• **Work order**
Please write out the whole listing that follows exactly; the pictures stay out.
··· Stored data ···
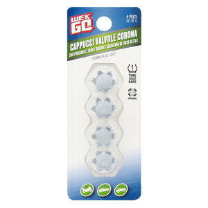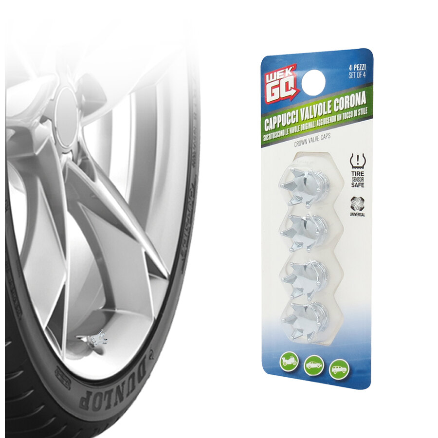 Cappucci valvole corona. Sostituiscono le valvole originali aggiungendo un tocco di stile. Design stiloso e lavorazione di qualità. Misura universale per la maggior parte delle auto, dei camion e delle moto. Guarnizione O-Ring interna in gomma per evitare perdite d'aria. Ottimo per sostituire i cappucci valvola usurati e con perdite. Diametro interno: 7mm
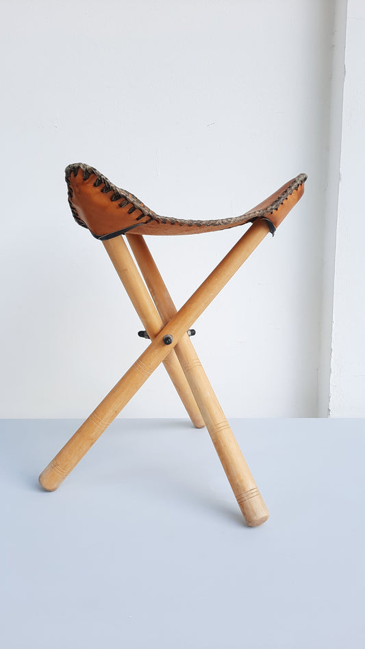 Sold outVintage Leather & Wood Tripod Stool
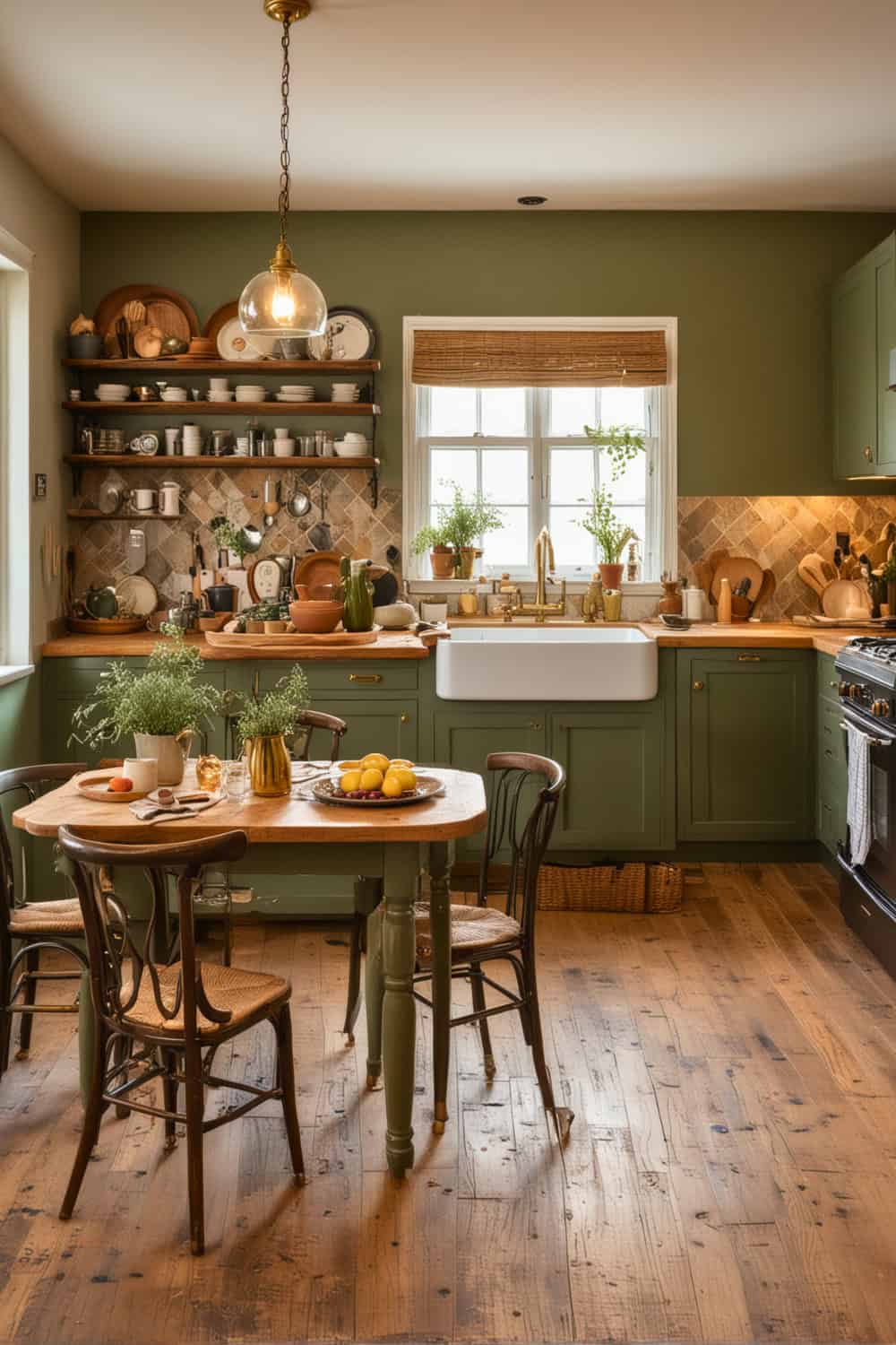 Sage green looks truly lovely alongside natural wood pieces and bright white accents. Meanwhile, olive green provides a deep, welcoming warmth that complements both contemporary and classic kitchen designs beautifully.
···
• **Answer for this exercise**
 Cappucci valvole corona. Sostituiscono le valvole originali aggiungendo un tocco di stile. Design stiloso e lavorazione di qualità. Misura universale per la maggior parte delle auto, dei camion e delle moto. Guarnizione O-Ring interna in gomma per evitare perdite d'aria. Ottimo per sostituire i cappucci valvola usurati e con perdite. Diametro interno: 7mm
 Sold outVintage Leather & Wood Tripod Stool
 Sage green looks truly lovely alongside natural wood pieces and bright white accents. Meanwhile, olive green provides a deep, welcoming warmth that complements both contemporary and classic kitchen designs beautifully.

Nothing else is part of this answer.